__WHAT IS EXPECTED__
Nothing but the lines from the one showing "хворого | |" through the final line of the data below belongs in the answer, duplicated exactly and without pictures.

__COLLECTED DATA__
━━━━
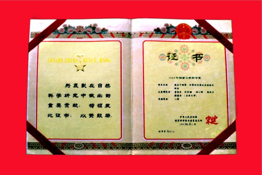 圖23:唐敖慶等人獲2000年國家自然科學獎二等獎證書
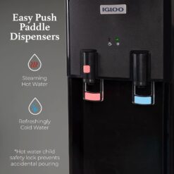Igloo Top Loading Hot and Cold Water Dispenser – Water Cooler for 5 Gallon Bottles and 3 Gallon Bottles – Includes Child Safety Lock – Water Machine Perfect for Home, Office, & More – Black Stainless
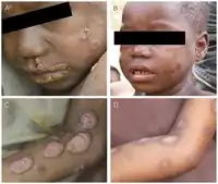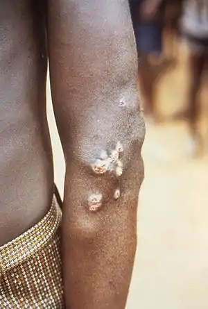 ![]() Фрамбезійні вузлові ураження на лікті хворого Фрамбезійні вузлові ураження на лікті хворого | |
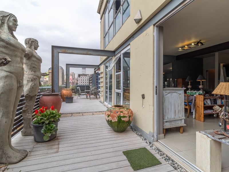 Entertainer's dream in vibrant Braamfontein — morning coffee and rooftop-style sunsets over Johannesburg from a large private patio with 180° skyline views; two ensuite bedrooms, open-plan kitchen, three underground parking bays.
━━━━
__THE ANSWER__
 ![]() Фрамбезійні вузлові ураження на лікті хворого Фрамбезійні вузлові ураження на лікті хворого | |
 Entertainer's dream in vibrant Braamfontein — morning coffee and rooftop-style sunsets over Johannesburg from a large private patio with 180° skyline views; two ensuite bedrooms, open-plan kitchen, three underground parking bays.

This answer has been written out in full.